Task brief:
Return the listing exactly, please; no pictures.

Dataset section:
----------
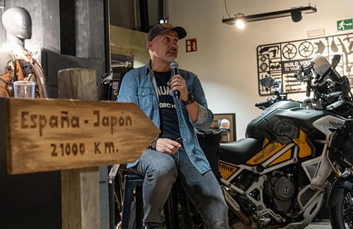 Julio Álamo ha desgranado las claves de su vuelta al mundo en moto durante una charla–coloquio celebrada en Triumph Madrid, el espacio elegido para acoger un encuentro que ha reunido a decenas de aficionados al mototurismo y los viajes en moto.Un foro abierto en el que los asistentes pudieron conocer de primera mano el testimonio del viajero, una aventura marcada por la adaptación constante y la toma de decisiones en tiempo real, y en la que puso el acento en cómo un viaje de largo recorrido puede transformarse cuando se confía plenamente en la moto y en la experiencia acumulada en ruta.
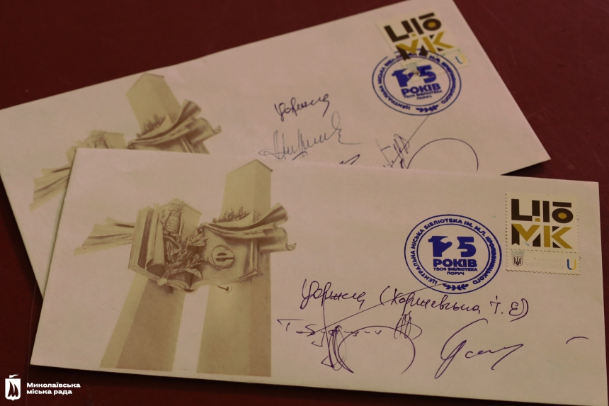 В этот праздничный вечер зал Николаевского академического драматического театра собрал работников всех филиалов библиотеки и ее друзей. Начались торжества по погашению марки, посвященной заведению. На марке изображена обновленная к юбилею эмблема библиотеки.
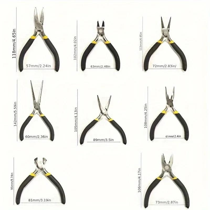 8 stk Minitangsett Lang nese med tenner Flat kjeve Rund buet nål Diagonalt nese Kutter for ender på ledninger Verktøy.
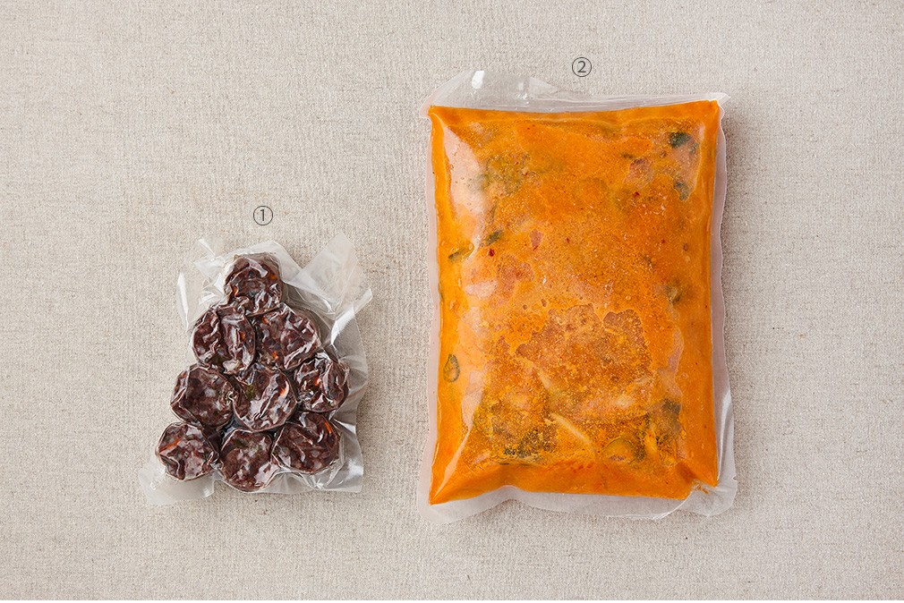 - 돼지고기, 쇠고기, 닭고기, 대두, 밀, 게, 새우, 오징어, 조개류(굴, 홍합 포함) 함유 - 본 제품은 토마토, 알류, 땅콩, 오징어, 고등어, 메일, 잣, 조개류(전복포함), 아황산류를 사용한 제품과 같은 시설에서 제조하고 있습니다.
----------
Answer space:
 Julio Álamo ha desgranado las claves de su vuelta al mundo en moto durante una charla–coloquio celebrada en Triumph Madrid, el espacio elegido para acoger un encuentro que ha reunido a decenas de aficionados al mototurismo y los viajes en moto.Un foro abierto en el que los asistentes pudieron conocer de primera mano el testimonio del viajero, una aventura marcada por la adaptación constante y la toma de decisiones en tiempo real, y en la que puso el acento en cómo un viaje de largo recorrido puede transformarse cuando se confía plenamente en la moto y en la experiencia acumulada en ruta.
 В этот праздничный вечер зал Николаевского академического драматического театра собрал работников всех филиалов библиотеки и ее друзей. Начались торжества по погашению марки, посвященной заведению. На марке изображена обновленная к юбилею эмблема библиотеки.
 8 stk Minitangsett Lang nese med tenner Flat kjeve Rund buet nål Diagonalt nese Kutter for ender på ledninger Verktøy.
 - 돼지고기, 쇠고기, 닭고기, 대두, 밀, 게, 새우, 오징어, 조개류(굴, 홍합 포함) 함유 - 본 제품은 토마토, 알류, 땅콩, 오징어, 고등어, 메일, 잣, 조개류(전복포함), 아황산류를 사용한 제품과 같은 시설에서 제조하고 있습니다.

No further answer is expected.